GateNLP / gate-core

The GATE Embedded core API and GATE Developer application
GNU Lesser General Public License v3.0
78 stars 29 forks source link

DocumentStaxUtils ignores CDATA within TextWithNodes #7

Closed ianroberts closed 7 years ago

ianroberts commented 7 years ago

As reported on the gate-users mailing list, the GATE XML format parser silently discards any CDATA sections that fall within the TextWithNodes part of a GATE XML document.

When saving as GATE XML the serialiser uses CDATA to represent any segment of text within the TextWithNodes or any feature name or value that contains more than a few less-than signs, as this is more compact and human-readable than escaping each one individually as <. The parser handles CDATA correctly when reading feature names and values but not the TextWithNodes.

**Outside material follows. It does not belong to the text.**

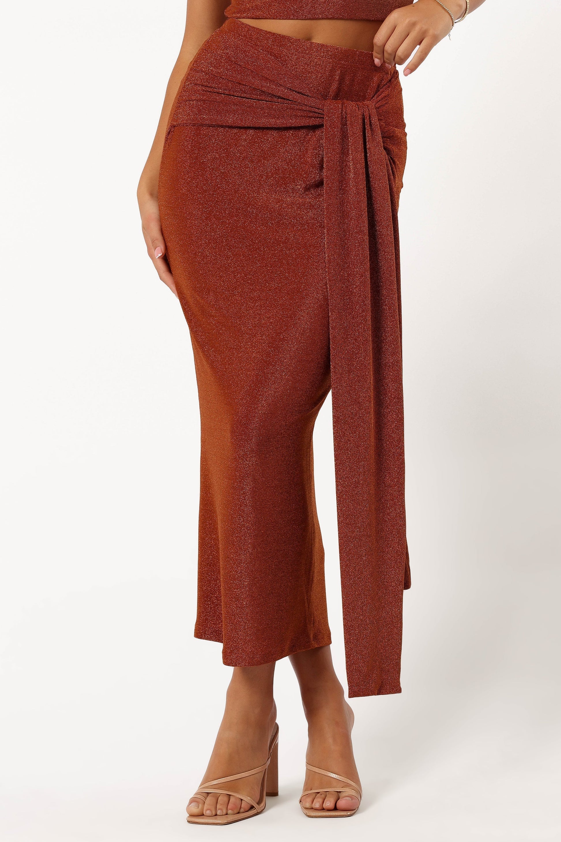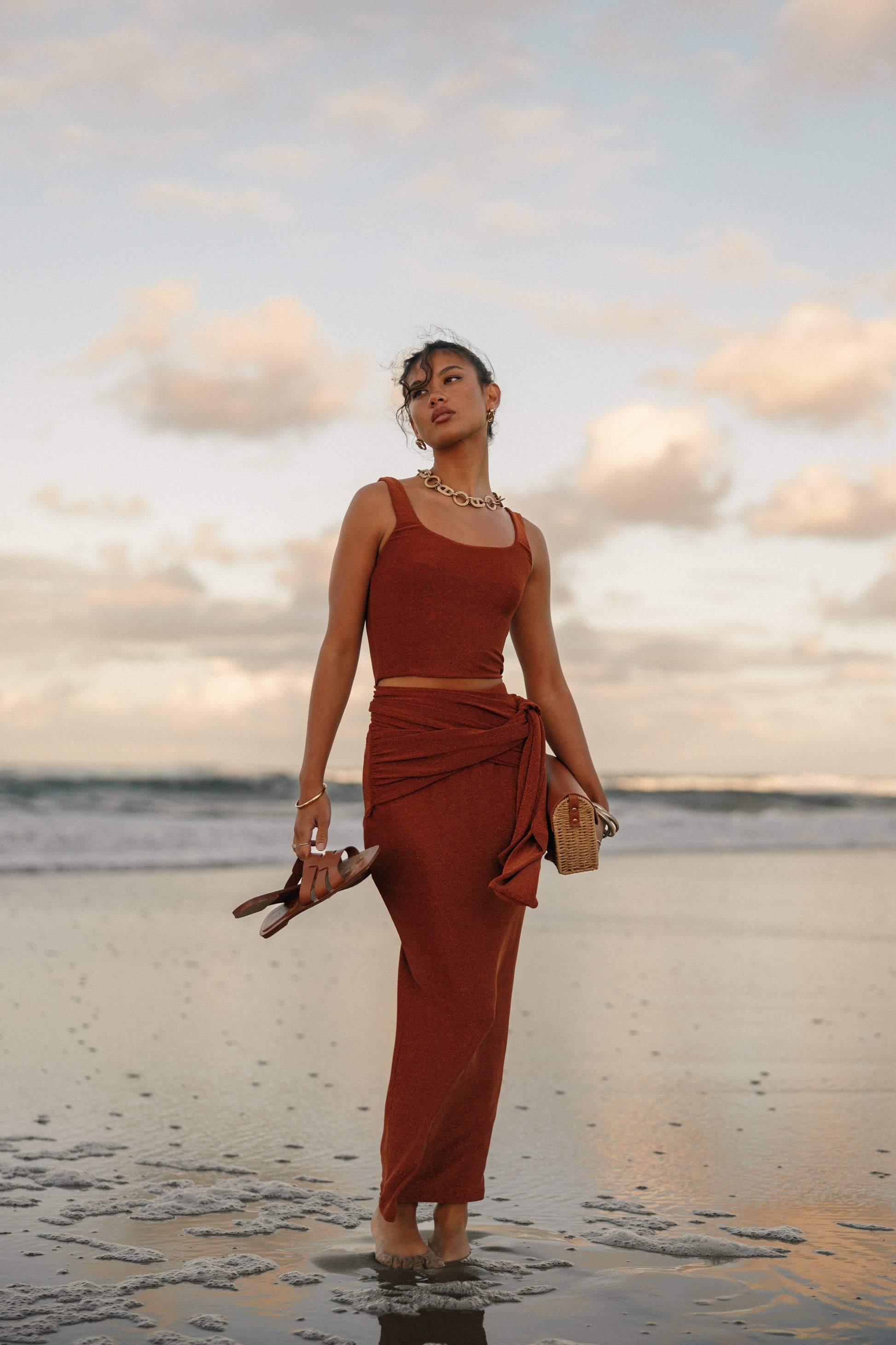 Look no further than this stunning top and skirt set in a sleek bronze glitter material. With a cropped length top featuring a round neckline, and non adjustable straps to ensure comfort - it's the perfect outfit for any event.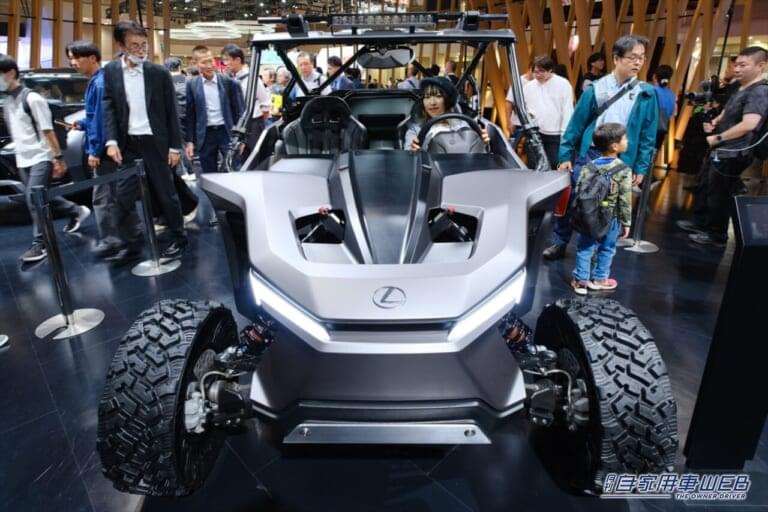 そのためバギー車が展示されているのを見つけた時は「これがレクサスなの!?」とビックリ。吸い寄せられるように見学に行ってしまいました。お話を聞いてみると、ROVは3気筒の水素エンジンを積んでおり、悪路走破性・環境性能を両立した最新の乗り物なんだとか。

This problem is not generally apparent as the serialiser only uses CDATA when there are lots of less-thans within a single span of text - if you were to save an ANNIE-processed document with a big run of <<<<<<<<<<, each symbol would be a separate Token and thus there would be empty Node elements between each pair and no single run would have more than one <. However if the same document were saved as GATE XML with minimal annotations (e.g. just human-annotated entities and no Tokens) then it would hit this bug.

ianroberts commented 7 years ago

Fixed by ceebfce826459a32cb02581d4855dbab3eb472a9